The Quebec coroner is now looking into the death, the health department told CBC.

In the video Ndjomouo recorded from her hospital bed on 7 March, through laboured breathing she called for help from those watching to get her transferred to another hospital “where [she’d] be better looked after”.

”Help me, I don’t want to die and leave my kids. I’m suffocating. I’m allergic to penicillin but then they injected me with penicillin, knowing full well that I’m allergic,“ she said in her native language.

”My mouth is paralysed, my face is also swollen [...] I’m not really the person you see on this video [...] I am slowly dying in this hospital.“

Ndjomouo said her sister, who is a nurse, was not allowed to see her and sent from her room twice. “They want to kill me,” she said in the video.

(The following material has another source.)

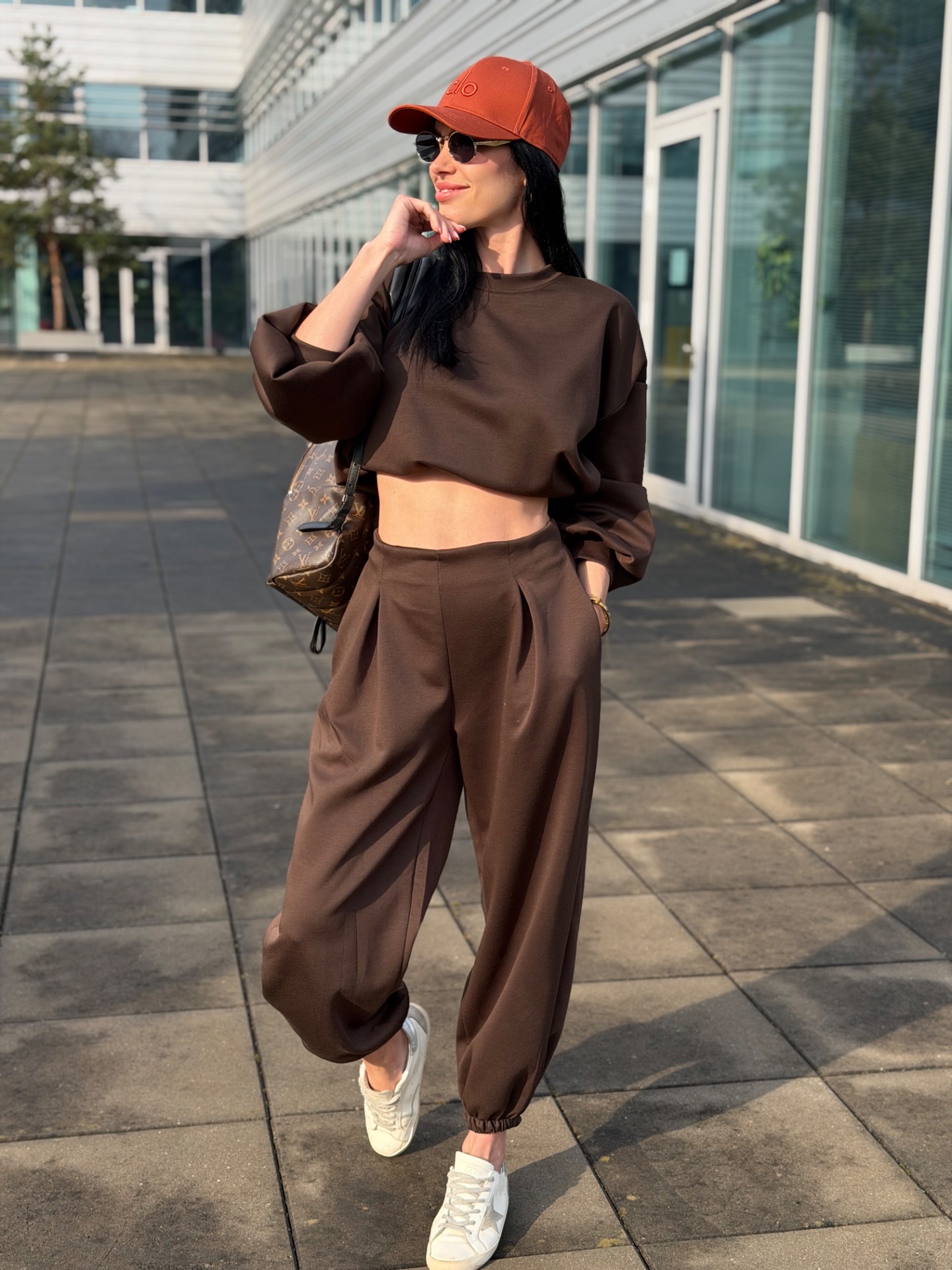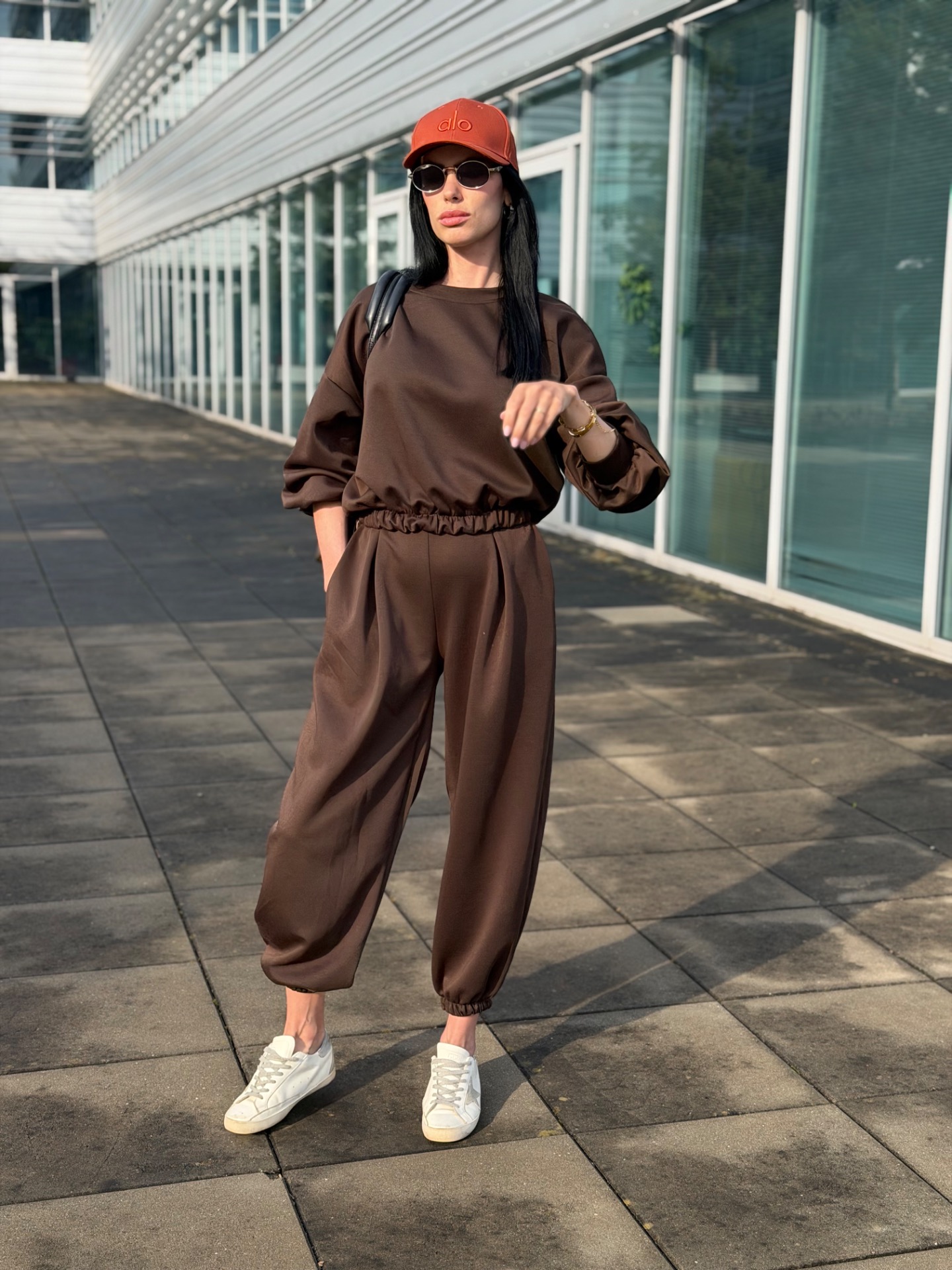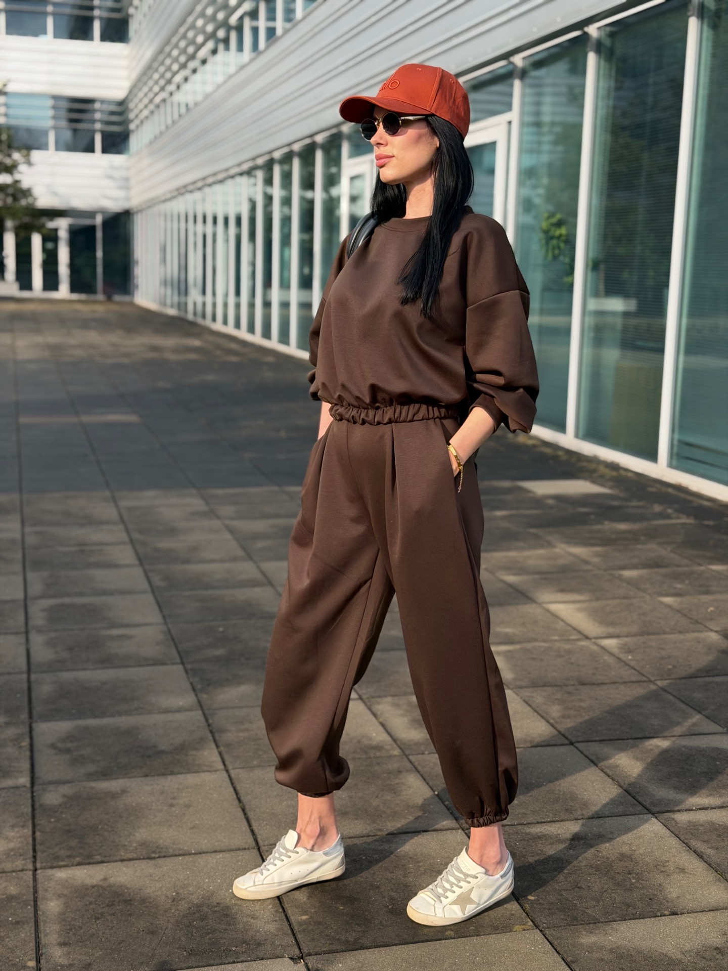 Nádherný komplet z pružného materiálu. Skvělý střih kalhot "sedne" každé postavě - kalhoty v pase a u kotníků na gumu . Mikina ve volném střihu s gumou v pase. Foceno na postavě XS/172 cm. Komplet "sedne" XS-L. V nabídce ve více barvách.

Local media reports have described the video as a grim reminder of the case of Joyce Echaquan, an Indigenous Canadian woman who filmed a video accusing nurses of racial abuse and giving her morphine – which she was allergic to – before her death in a Quebec hospital.

The health authority that oversees Charles-Le Moyne Hospital has declined to comment on Ndjomouo’s case citing patient confidentiality, but told CBC in an email that it was something the hospital’s quality department was looking into.

Ndjomouo was moved to Montreal’s Jewish General Hospital amid pressure from her family and members of the community, where she was diagnosed with lymphoma, reported Journal de Montréal.

She leaves behind her three children, the youngest of whom is 14 years old, according to a GoFundMe campaign organised by her sister to help the family return Ndjomouo’s body to her native Cameroon.

The president of the Young Cameroonian Chamber of Commerce of Canada, Pierre-Marc Ngamaleu, called the case shocking and upsetting. He said he believes Ndjomouo’s case was one of negligence rather than racism.